Omitting all images, transcribe the listing word for word.

_ _ _ _ _ _ _

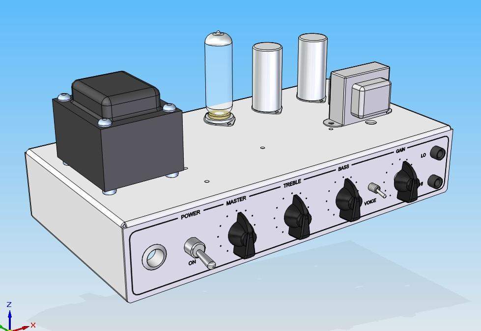 Пот гейна будет сдвоенный 100 кОм, проверял на макете, работает адекватно, звучит. Похоже на правду. Пробовал с 1 Мег, и 500 кОм, не то. С 100 кОм понравилось больше. Да и собственно причин не доверять AZG у меня нет
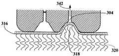 도 3b에서, 돌출부(318)는 진공챔버(304)를 채우고, 흡입은 화살표(342)에 의해 표시된 것과 같이 챔버(304)에서 대기압 미만의 압력에 의해 유지되어, 돌출부(318)를 유지한다.3B, the
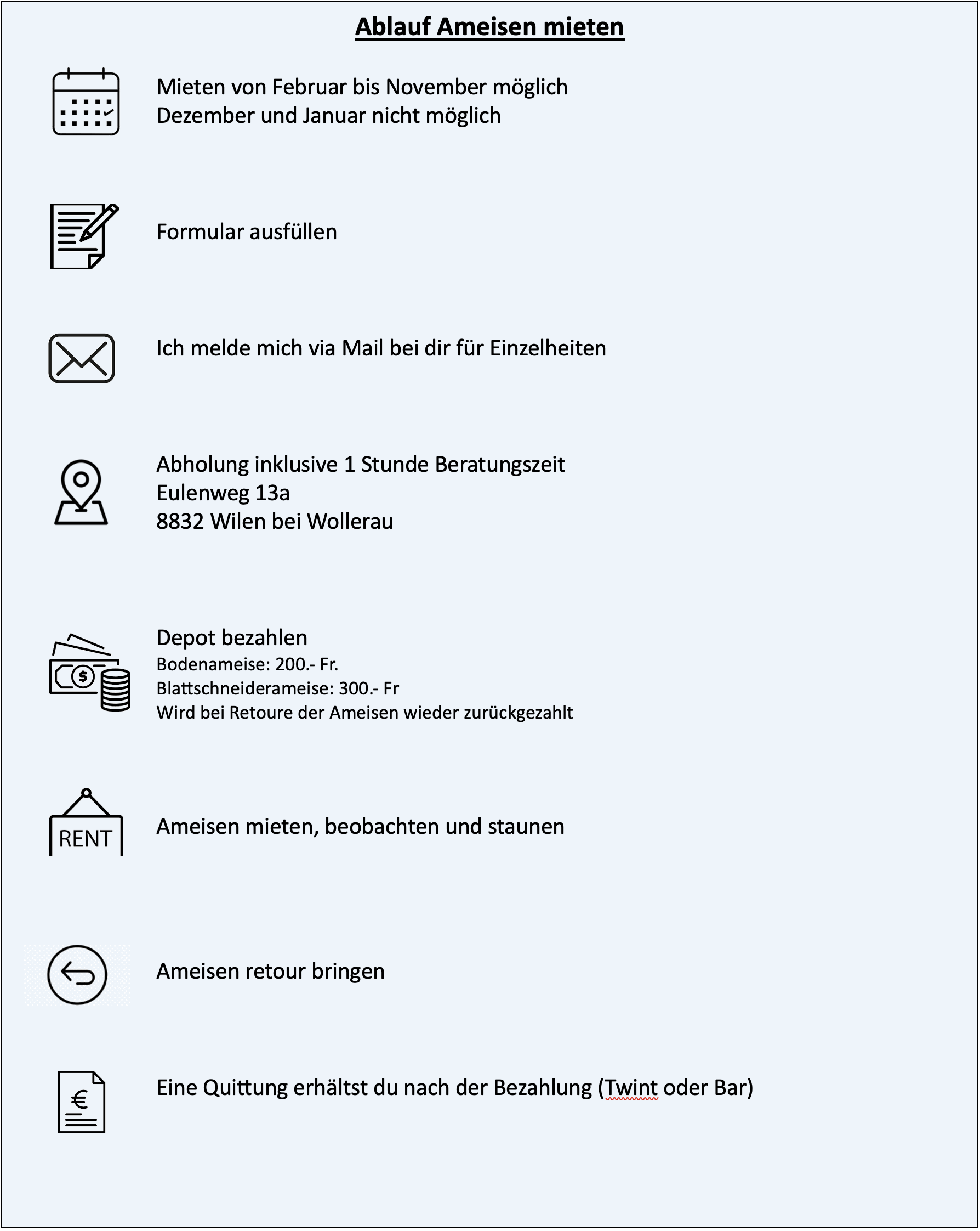 Ein Depot-Pfandgeld ist bei Mietbeginn für die ausgeliehene Ameisenkolonie vor Ort zu begleichen. Die mietbaren Ameisenkolonien – Ameisenvölker haben bei mir in der Schweiz unter meiner Aufsicht und Pflege gegründet. Die Kolonien werden erst ab einer bestimmten Koloniegrösse und Stabilität freigegeben und vermietet.
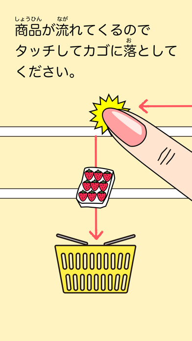 コンベアの上に乗せられて流れてくる商品。これらをタッチでタイミングよく買物かごに落としていくだけの簡単なゲームです。見事買物かごに落ちれば金額として加算されていき、制限時間内にどれだけ稼げたかを競います。
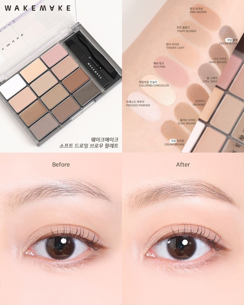 – Với chất phấn mịn, bảng mày Wakemake dễ dàng bám vào lông mày, tạo cảm giác tự nhiên mà không gây bột hay vón cục.
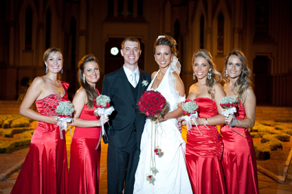 Jaqueline Rocha e Samuel Limberger oficializaram a união, após 9 anos de namoro, em bela e emocionante cerimônia na Catedral São João Batista. A celebração, digna de um moderno “conto de fadas”, aconteceu no dia 03 de março. A noiva usou um vestido branco lindo e complementou o look com sapatos vermelhos, combinando com o bouquet. As damas de honra, abrilhantaram a cerimônia, com belíssimos longos vermelhos.
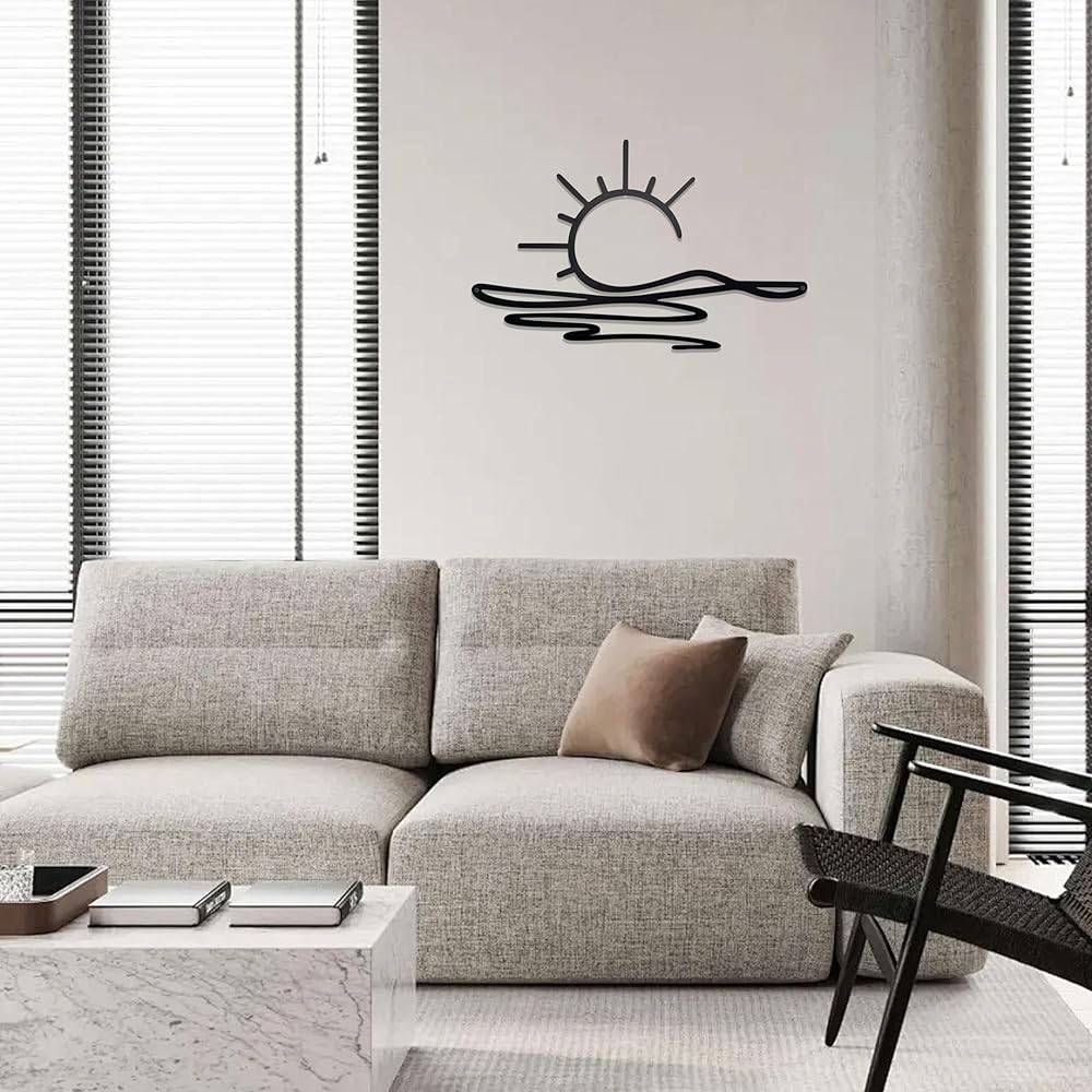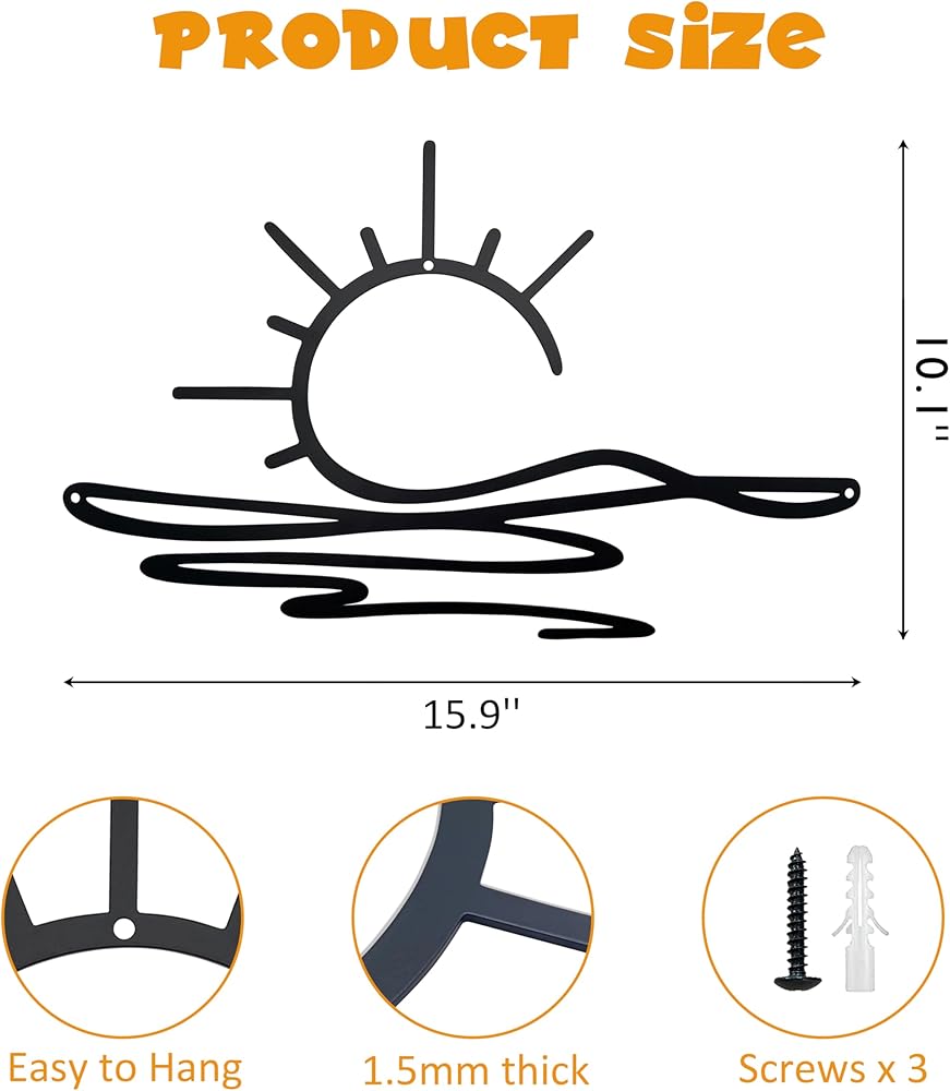 Add a touch of elegance to your space with our unique Sunrise Metal Wall Art. This piece is expertly crafted from quality metal using precision laser-cutting techniques, and coated with premium black paint to ensure a smooth surface and rust prevention. With dimensions of 15.9*10.1 in, it's just the right size to stand out, yet blend in with your decor. Installing is a breeze, as each product has been pre-drilled and includes the necessary screws. Whether it's a gift for a special occasion or just a new addition to your home decor, this Metal Wall Art Sculpture is sure to impress. Order now and embrace the minimalist charm of this modern wall decor piece.
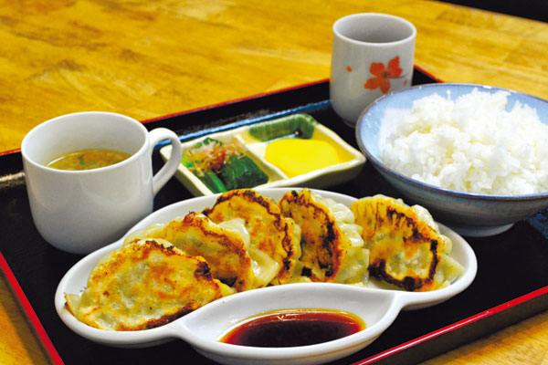 常連さんに愛されるのは、一般的な餃子の2倍はあるであろう12cmの皮に、知床豚の挽き肉、ニラ、白菜などをあわせた餡を端までたっぷり詰めた特大サイズの餃子。定食は餃子3個で635円、5個で975円。
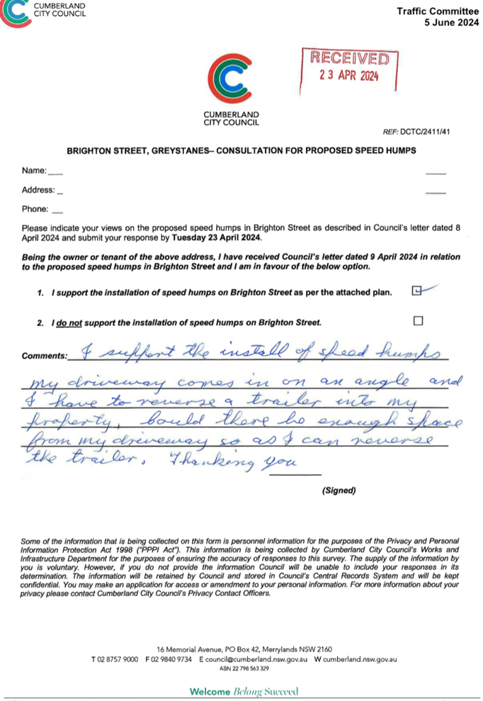 CTC-25-089 BRIGHTON STREET, GREYSTANES – ROAD SAFETY CONCERNS - CONSULTATION.................................................................................... 325
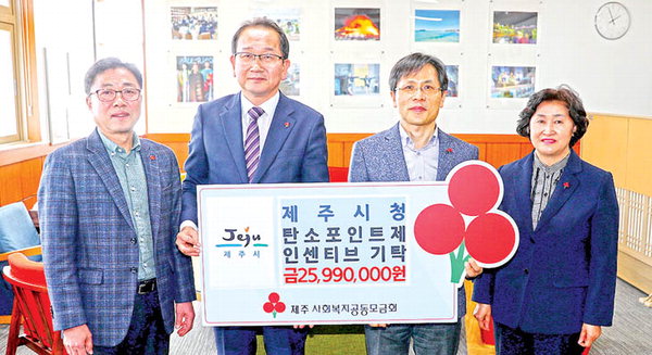 제주시는 2020년도 탄소포인트제 인센티브(상품권) 미지급분 2599만원을 6일 제주특별자치도 사회복지공동모금회(회장 강지언)에 지정 기탁했다. 이번 기탁금은 인센티브 지급분 중 기부를 희망하거나 이사·수취인 불명 등의 사유로 지급하지 못한 금액(상품권)으로 관내 사회복지시설 58개소에서 전액 사용될 예정이다.

_ _ _ _ _ _ _

ANSWER BOX
 Пот гейна будет сдвоенный 100 кОм, проверял на макете, работает адекватно, звучит. Похоже на правду. Пробовал с 1 Мег, и 500 кОм, не то. С 100 кОм понравилось больше. Да и собственно причин не доверять AZG у меня нет
 도 3b에서, 돌출부(318)는 진공챔버(304)를 채우고, 흡입은 화살표(342)에 의해 표시된 것과 같이 챔버(304)에서 대기압 미만의 압력에 의해 유지되어, 돌출부(318)를 유지한다.3B, the
 Ein Depot-Pfandgeld ist bei Mietbeginn für die ausgeliehene Ameisenkolonie vor Ort zu begleichen. Die mietbaren Ameisenkolonien – Ameisenvölker haben bei mir in der Schweiz unter meiner Aufsicht und Pflege gegründet. Die Kolonien werden erst ab einer bestimmten Koloniegrösse und Stabilität freigegeben und vermietet.
 コンベアの上に乗せられて流れてくる商品。これらをタッチでタイミングよく買物かごに落としていくだけの簡単なゲームです。見事買物かごに落ちれば金額として加算されていき、制限時間内にどれだけ稼げたかを競います。
 – Với chất phấn mịn, bảng mày Wakemake dễ dàng bám vào lông mày, tạo cảm giác tự nhiên mà không gây bột hay vón cục.
 Jaqueline Rocha e Samuel Limberger oficializaram a união, após 9 anos de namoro, em bela e emocionante cerimônia na Catedral São João Batista. A celebração, digna de um moderno “conto de fadas”, aconteceu no dia 03 de março. A noiva usou um vestido branco lindo e complementou o look com sapatos vermelhos, combinando com o bouquet. As damas de honra, abrilhantaram a cerimônia, com belíssimos longos vermelhos.
 Add a touch of elegance to your space with our unique Sunrise Metal Wall Art. This piece is expertly crafted from quality metal using precision laser-cutting techniques, and coated with premium black paint to ensure a smooth surface and rust prevention. With dimensions of 15.9*10.1 in, it's just the right size to stand out, yet blend in with your decor. Installing is a breeze, as each product has been pre-drilled and includes the necessary screws. Whether it's a gift for a special occasion or just a new addition to your home decor, this Metal Wall Art Sculpture is sure to impress. Order now and embrace the minimalist charm of this modern wall decor piece.
 常連さんに愛されるのは、一般的な餃子の2倍はあるであろう12cmの皮に、知床豚の挽き肉、ニラ、白菜などをあわせた餡を端までたっぷり詰めた特大サイズの餃子。定食は餃子3個で635円、5個で975円。
 CTC-25-089 BRIGHTON STREET, GREYSTANES – ROAD SAFETY CONCERNS - CONSULTATION.................................................................................... 325
 제주시는 2020년도 탄소포인트제 인센티브(상품권) 미지급분 2599만원을 6일 제주특별자치도 사회복지공동모금회(회장 강지언)에 지정 기탁했다. 이번 기탁금은 인센티브 지급분 중 기부를 희망하거나 이사·수취인 불명 등의 사유로 지급하지 못한 금액(상품권)으로 관내 사회복지시설 58개소에서 전액 사용될 예정이다.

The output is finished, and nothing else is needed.